> _Exercise aim_
Could you retype the entries below exactly, omitting every picture?

##### Task data #####

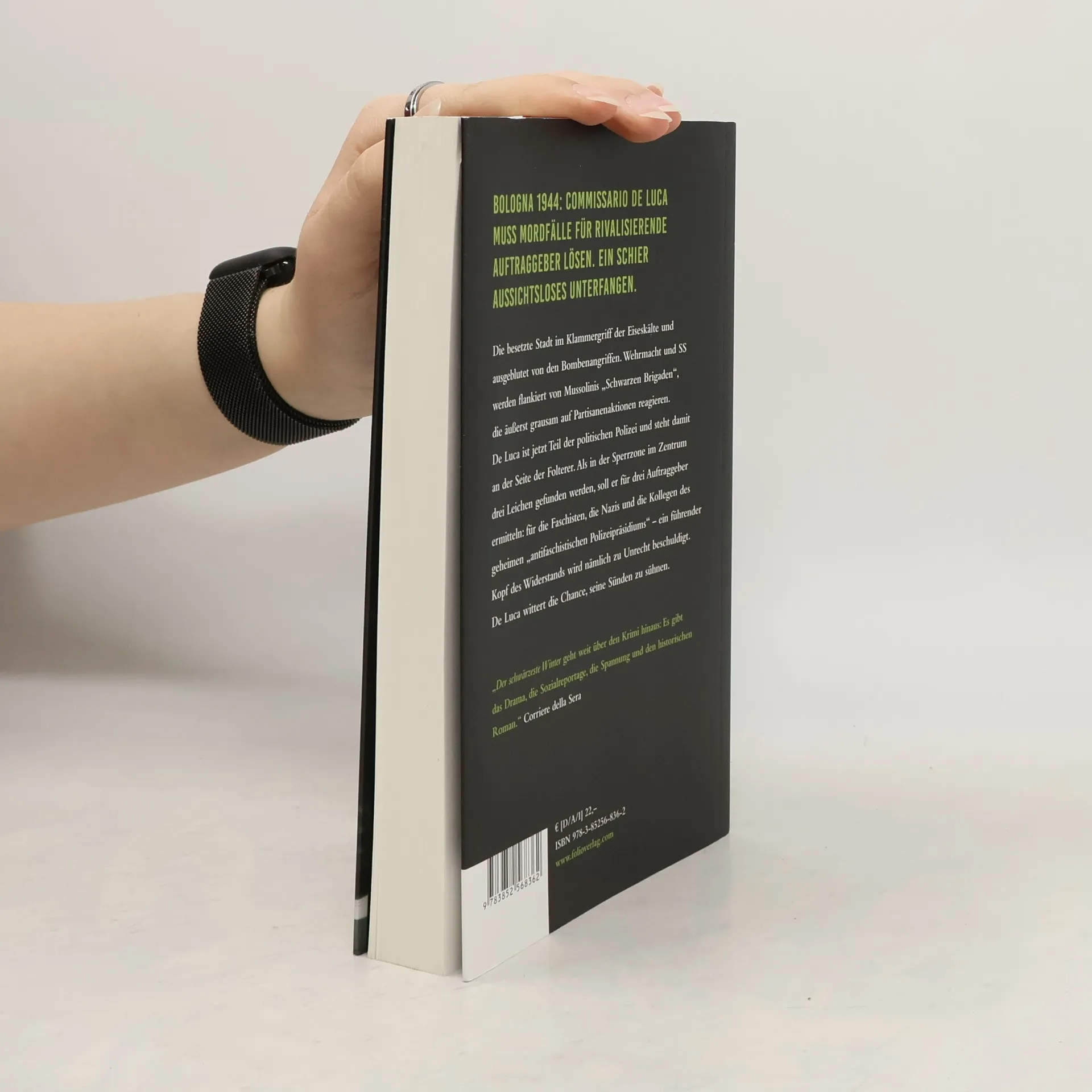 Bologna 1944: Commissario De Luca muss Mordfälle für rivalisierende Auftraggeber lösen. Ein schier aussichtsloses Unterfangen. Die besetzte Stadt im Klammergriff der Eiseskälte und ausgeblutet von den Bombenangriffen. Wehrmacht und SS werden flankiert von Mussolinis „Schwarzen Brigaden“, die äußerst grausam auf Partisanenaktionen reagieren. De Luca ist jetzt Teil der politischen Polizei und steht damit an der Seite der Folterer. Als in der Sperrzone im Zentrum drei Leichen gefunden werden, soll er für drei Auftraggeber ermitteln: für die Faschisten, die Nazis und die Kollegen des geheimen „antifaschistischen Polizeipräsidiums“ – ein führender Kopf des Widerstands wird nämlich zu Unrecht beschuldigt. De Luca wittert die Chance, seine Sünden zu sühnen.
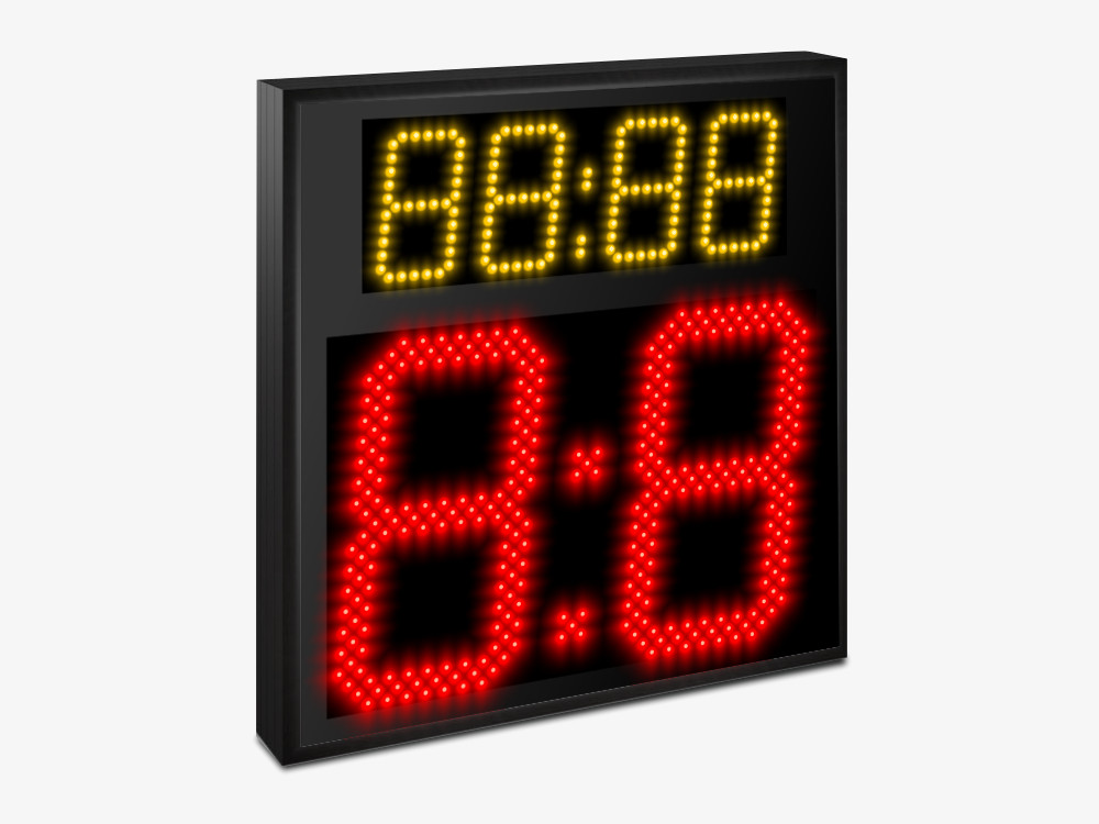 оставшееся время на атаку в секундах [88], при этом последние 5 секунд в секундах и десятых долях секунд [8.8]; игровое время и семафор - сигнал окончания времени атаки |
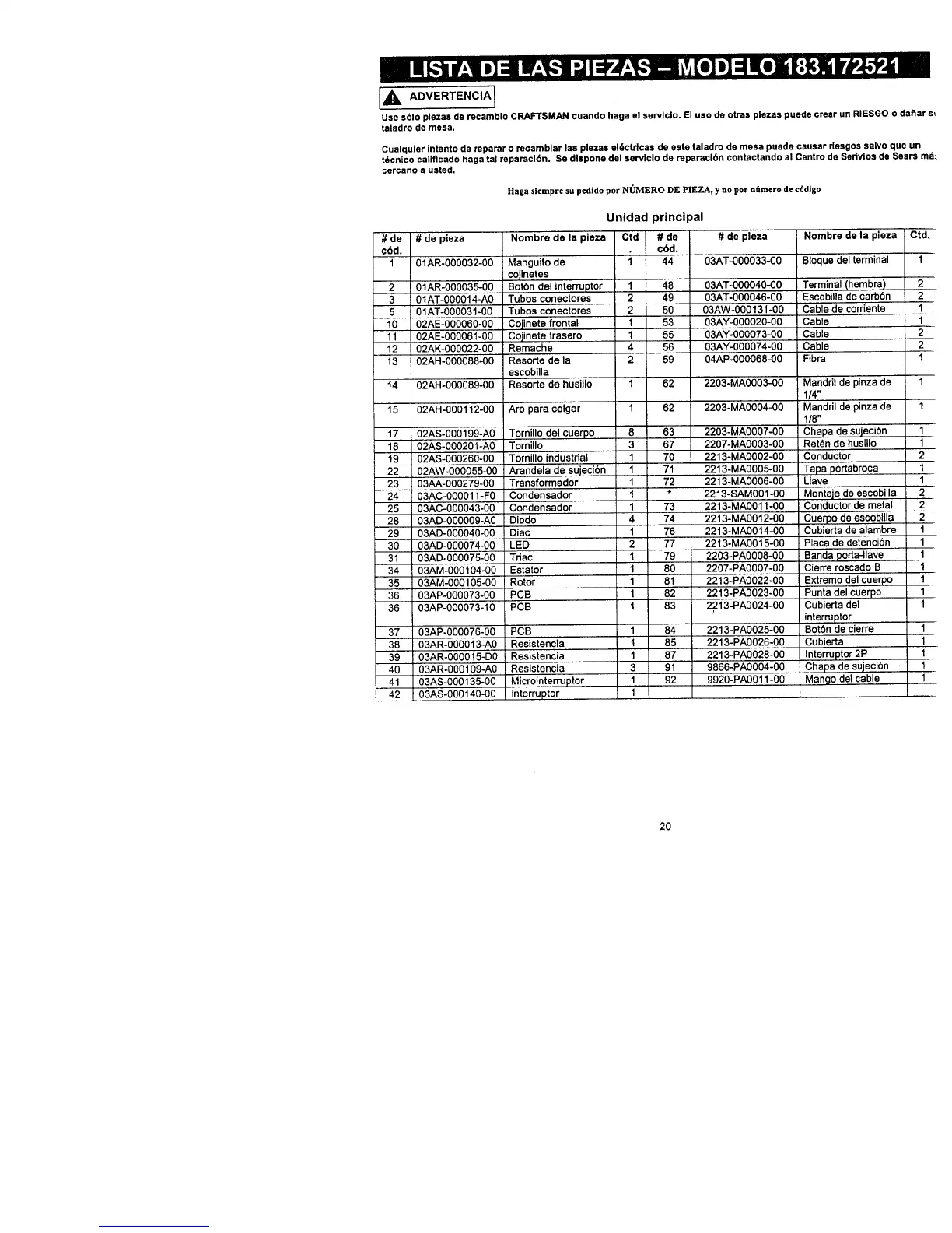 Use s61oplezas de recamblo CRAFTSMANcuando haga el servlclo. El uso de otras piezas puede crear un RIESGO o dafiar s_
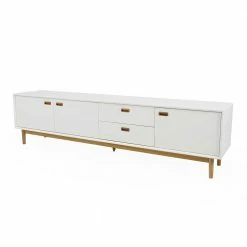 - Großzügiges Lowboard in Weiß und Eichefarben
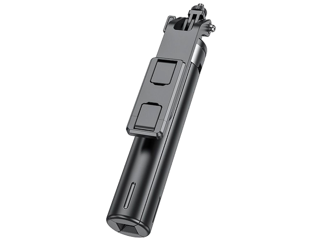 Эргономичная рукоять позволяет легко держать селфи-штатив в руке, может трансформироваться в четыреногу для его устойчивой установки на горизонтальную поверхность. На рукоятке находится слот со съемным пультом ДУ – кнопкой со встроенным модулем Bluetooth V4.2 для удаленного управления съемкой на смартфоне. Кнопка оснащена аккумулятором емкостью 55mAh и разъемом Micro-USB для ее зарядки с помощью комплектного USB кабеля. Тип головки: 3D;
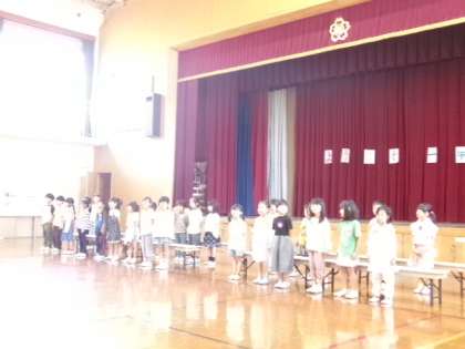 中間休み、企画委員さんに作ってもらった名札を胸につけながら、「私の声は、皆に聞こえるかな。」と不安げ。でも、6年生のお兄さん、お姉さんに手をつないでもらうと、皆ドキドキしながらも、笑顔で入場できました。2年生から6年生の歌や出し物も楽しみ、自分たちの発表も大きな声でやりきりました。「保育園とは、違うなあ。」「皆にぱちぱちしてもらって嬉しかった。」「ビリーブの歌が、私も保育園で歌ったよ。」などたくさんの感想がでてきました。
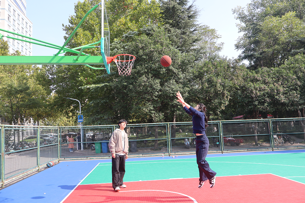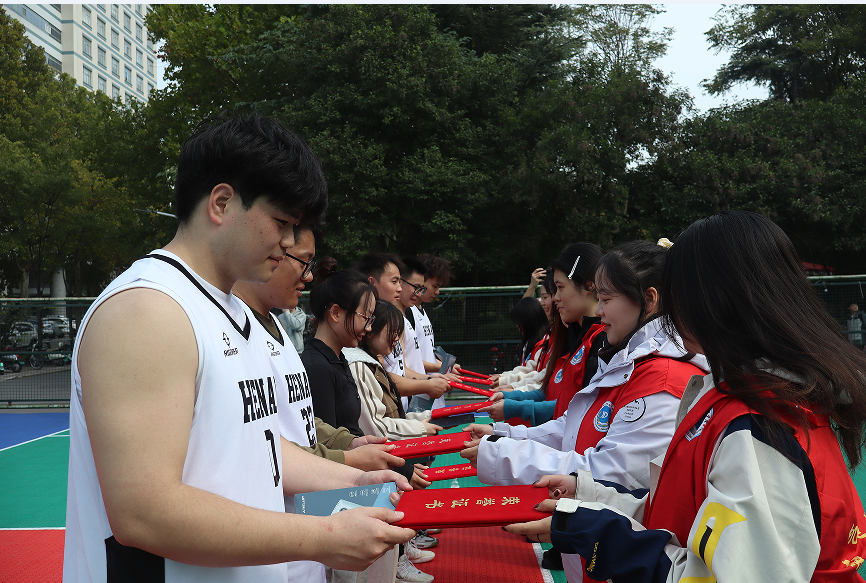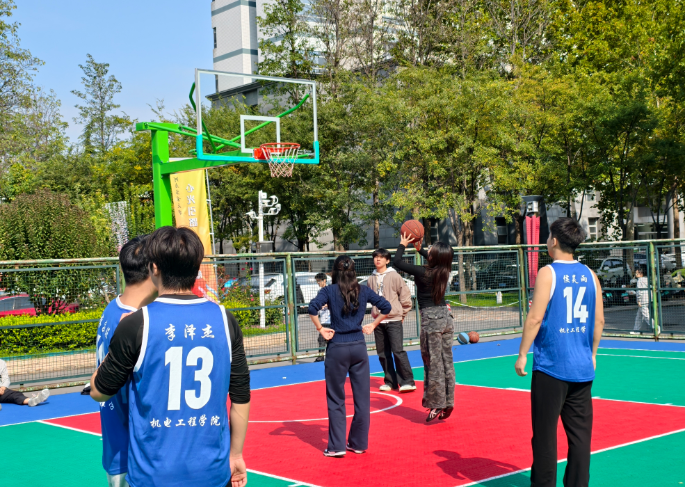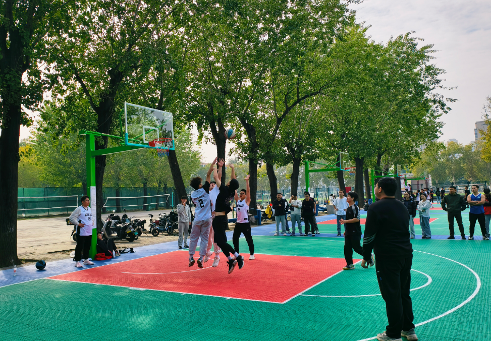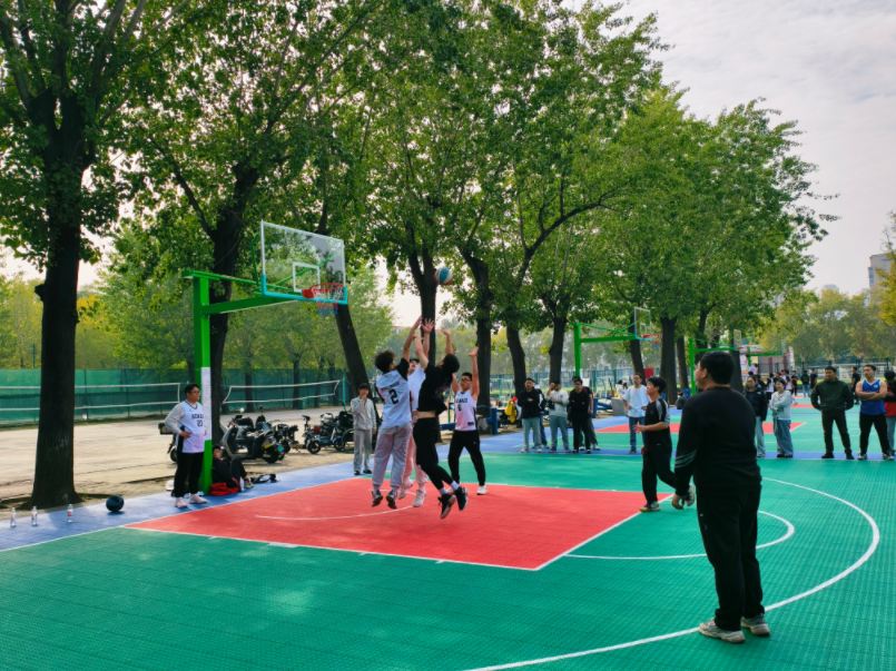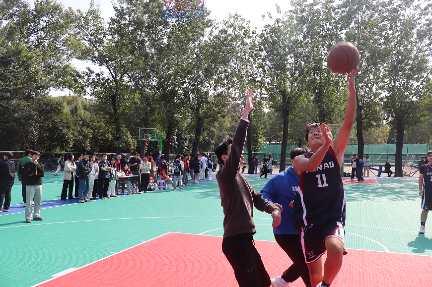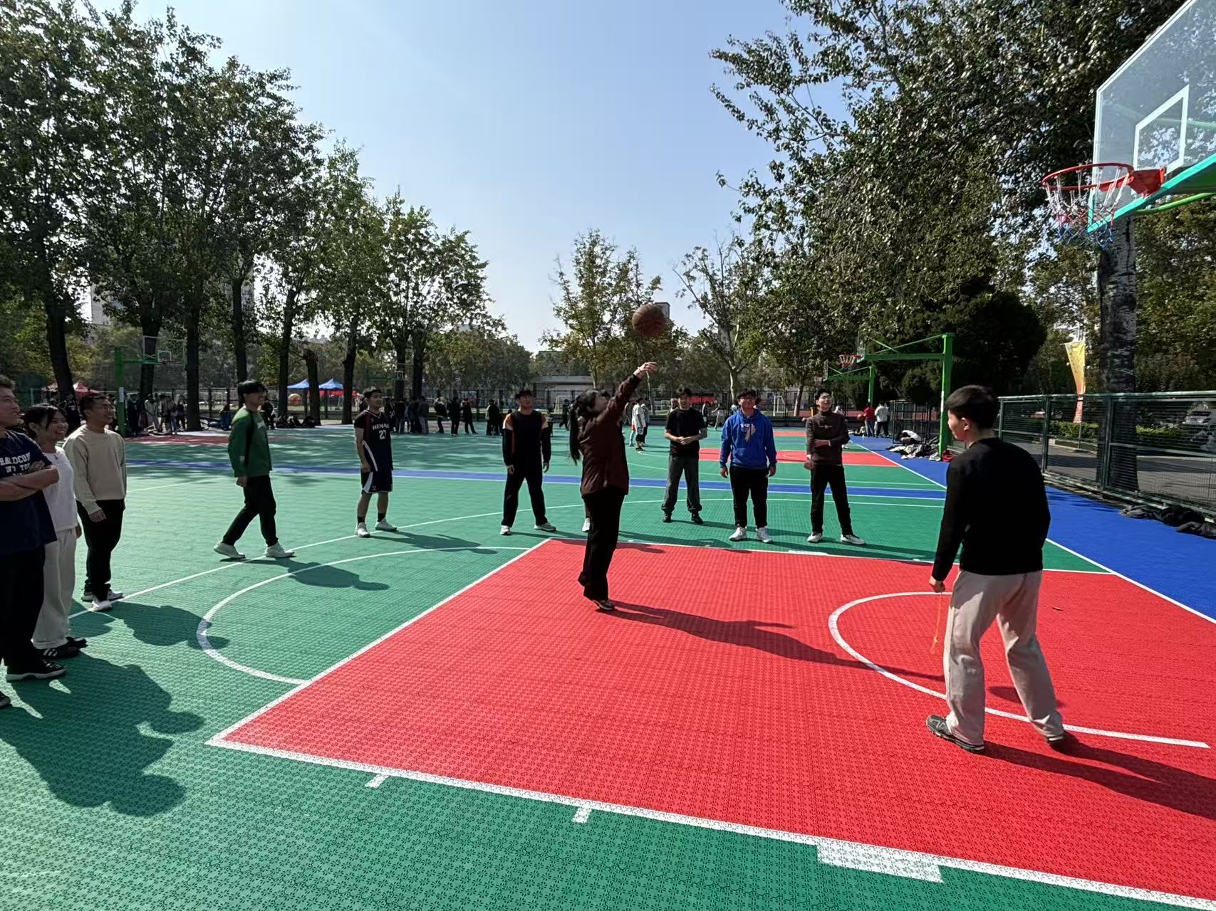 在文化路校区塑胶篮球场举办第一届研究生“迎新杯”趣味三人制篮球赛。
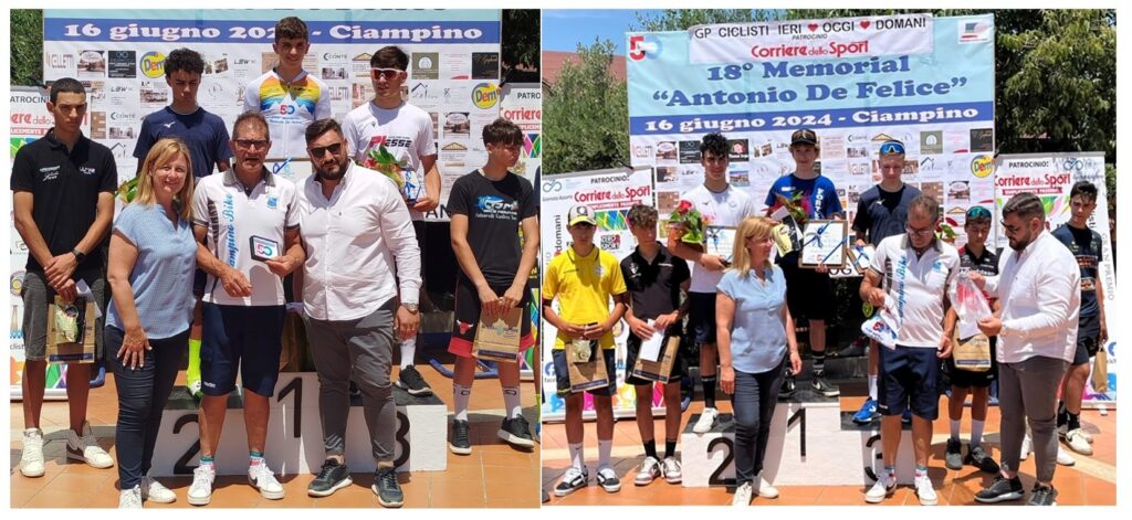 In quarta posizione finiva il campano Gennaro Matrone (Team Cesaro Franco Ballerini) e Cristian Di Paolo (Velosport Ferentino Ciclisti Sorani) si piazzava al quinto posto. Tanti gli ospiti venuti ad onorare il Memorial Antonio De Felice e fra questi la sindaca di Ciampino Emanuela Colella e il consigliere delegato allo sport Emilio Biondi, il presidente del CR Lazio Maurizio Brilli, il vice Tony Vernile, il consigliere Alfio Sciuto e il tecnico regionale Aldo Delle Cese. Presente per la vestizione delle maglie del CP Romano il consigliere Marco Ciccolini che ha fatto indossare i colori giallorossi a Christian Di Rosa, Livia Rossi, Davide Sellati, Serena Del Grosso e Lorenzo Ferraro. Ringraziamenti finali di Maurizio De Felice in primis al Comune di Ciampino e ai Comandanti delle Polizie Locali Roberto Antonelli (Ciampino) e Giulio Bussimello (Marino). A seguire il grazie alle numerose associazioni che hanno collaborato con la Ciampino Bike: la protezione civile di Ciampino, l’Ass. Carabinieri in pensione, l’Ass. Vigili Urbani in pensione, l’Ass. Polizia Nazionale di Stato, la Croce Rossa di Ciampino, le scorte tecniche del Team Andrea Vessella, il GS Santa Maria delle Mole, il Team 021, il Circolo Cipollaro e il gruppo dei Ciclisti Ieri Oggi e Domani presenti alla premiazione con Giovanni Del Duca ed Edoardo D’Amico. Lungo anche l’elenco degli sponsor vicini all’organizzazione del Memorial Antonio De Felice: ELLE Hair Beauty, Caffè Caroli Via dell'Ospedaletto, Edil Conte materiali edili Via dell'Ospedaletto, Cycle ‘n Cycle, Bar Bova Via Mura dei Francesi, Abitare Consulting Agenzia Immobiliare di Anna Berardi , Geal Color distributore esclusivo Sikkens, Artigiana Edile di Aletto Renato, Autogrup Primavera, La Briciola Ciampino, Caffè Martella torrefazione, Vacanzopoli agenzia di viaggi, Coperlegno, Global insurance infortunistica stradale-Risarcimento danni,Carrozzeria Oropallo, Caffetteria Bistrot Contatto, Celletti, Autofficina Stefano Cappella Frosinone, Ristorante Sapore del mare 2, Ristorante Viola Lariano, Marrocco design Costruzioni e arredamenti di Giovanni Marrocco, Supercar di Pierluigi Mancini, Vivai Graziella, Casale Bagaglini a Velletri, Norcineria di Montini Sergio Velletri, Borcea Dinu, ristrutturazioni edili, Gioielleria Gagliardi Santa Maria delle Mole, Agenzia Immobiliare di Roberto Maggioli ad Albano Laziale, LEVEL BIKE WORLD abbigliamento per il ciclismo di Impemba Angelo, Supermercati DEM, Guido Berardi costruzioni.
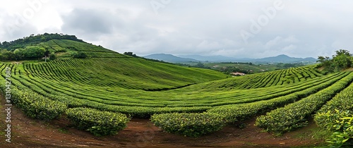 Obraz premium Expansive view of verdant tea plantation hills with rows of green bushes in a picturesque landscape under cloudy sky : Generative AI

#####

> _Result for this exercise_
 Bologna 1944: Commissario De Luca muss Mordfälle für rivalisierende Auftraggeber lösen. Ein schier aussichtsloses Unterfangen. Die besetzte Stadt im Klammergriff der Eiseskälte und ausgeblutet von den Bombenangriffen. Wehrmacht und SS werden flankiert von Mussolinis „Schwarzen Brigaden“, die äußerst grausam auf Partisanenaktionen reagieren. De Luca ist jetzt Teil der politischen Polizei und steht damit an der Seite der Folterer. Als in der Sperrzone im Zentrum drei Leichen gefunden werden, soll er für drei Auftraggeber ermitteln: für die Faschisten, die Nazis und die Kollegen des geheimen „antifaschistischen Polizeipräsidiums“ – ein führender Kopf des Widerstands wird nämlich zu Unrecht beschuldigt. De Luca wittert die Chance, seine Sünden zu sühnen.
 оставшееся время на атаку в секундах [88], при этом последние 5 секунд в секундах и десятых долях секунд [8.8]; игровое время и семафор - сигнал окончания времени атаки |
 Use s61oplezas de recamblo CRAFTSMANcuando haga el servlclo. El uso de otras piezas puede crear un RIESGO o dafiar s_
 - Großzügiges Lowboard in Weiß und Eichefarben
 Эргономичная рукоять позволяет легко держать селфи-штатив в руке, может трансформироваться в четыреногу для его устойчивой установки на горизонтальную поверхность. На рукоятке находится слот со съемным пультом ДУ – кнопкой со встроенным модулем Bluetooth V4.2 для удаленного управления съемкой на смартфоне. Кнопка оснащена аккумулятором емкостью 55mAh и разъемом Micro-USB для ее зарядки с помощью комплектного USB кабеля. Тип головки: 3D;
 中間休み、企画委員さんに作ってもらった名札を胸につけながら、「私の声は、皆に聞こえるかな。」と不安げ。でも、6年生のお兄さん、お姉さんに手をつないでもらうと、皆ドキドキしながらも、笑顔で入場できました。2年生から6年生の歌や出し物も楽しみ、自分たちの発表も大きな声でやりきりました。「保育園とは、違うなあ。」「皆にぱちぱちしてもらって嬉しかった。」「ビリーブの歌が、私も保育園で歌ったよ。」などたくさんの感想がでてきました。
 在文化路校区塑胶篮球场举办第一届研究生“迎新杯”趣味三人制篮球赛。
 In quarta posizione finiva il campano Gennaro Matrone (Team Cesaro Franco Ballerini) e Cristian Di Paolo (Velosport Ferentino Ciclisti Sorani) si piazzava al quinto posto. Tanti gli ospiti venuti ad onorare il Memorial Antonio De Felice e fra questi la sindaca di Ciampino Emanuela Colella e il consigliere delegato allo sport Emilio Biondi, il presidente del CR Lazio Maurizio Brilli, il vice Tony Vernile, il consigliere Alfio Sciuto e il tecnico regionale Aldo Delle Cese. Presente per la vestizione delle maglie del CP Romano il consigliere Marco Ciccolini che ha fatto indossare i colori giallorossi a Christian Di Rosa, Livia Rossi, Davide Sellati, Serena Del Grosso e Lorenzo Ferraro. Ringraziamenti finali di Maurizio De Felice in primis al Comune di Ciampino e ai Comandanti delle Polizie Locali Roberto Antonelli (Ciampino) e Giulio Bussimello (Marino). A seguire il grazie alle numerose associazioni che hanno collaborato con la Ciampino Bike: la protezione civile di Ciampino, l’Ass. Carabinieri in pensione, l’Ass. Vigili Urbani in pensione, l’Ass. Polizia Nazionale di Stato, la Croce Rossa di Ciampino, le scorte tecniche del Team Andrea Vessella, il GS Santa Maria delle Mole, il Team 021, il Circolo Cipollaro e il gruppo dei Ciclisti Ieri Oggi e Domani presenti alla premiazione con Giovanni Del Duca ed Edoardo D’Amico. Lungo anche l’elenco degli sponsor vicini all’organizzazione del Memorial Antonio De Felice: ELLE Hair Beauty, Caffè Caroli Via dell'Ospedaletto, Edil Conte materiali edili Via dell'Ospedaletto, Cycle ‘n Cycle, Bar Bova Via Mura dei Francesi, Abitare Consulting Agenzia Immobiliare di Anna Berardi , Geal Color distributore esclusivo Sikkens, Artigiana Edile di Aletto Renato, Autogrup Primavera, La Briciola Ciampino, Caffè Martella torrefazione, Vacanzopoli agenzia di viaggi, Coperlegno, Global insurance infortunistica stradale-Risarcimento danni,Carrozzeria Oropallo, Caffetteria Bistrot Contatto, Celletti, Autofficina Stefano Cappella Frosinone, Ristorante Sapore del mare 2, Ristorante Viola Lariano, Marrocco design Costruzioni e arredamenti di Giovanni Marrocco, Supercar di Pierluigi Mancini, Vivai Graziella, Casale Bagaglini a Velletri, Norcineria di Montini Sergio Velletri, Borcea Dinu, ristrutturazioni edili, Gioielleria Gagliardi Santa Maria delle Mole, Agenzia Immobiliare di Roberto Maggioli ad Albano Laziale, LEVEL BIKE WORLD abbigliamento per il ciclismo di Impemba Angelo, Supermercati DEM, Guido Berardi costruzioni.
 Obraz premium Expansive view of verdant tea plantation hills with rows of green bushes in a picturesque landscape under cloudy sky : Generative AI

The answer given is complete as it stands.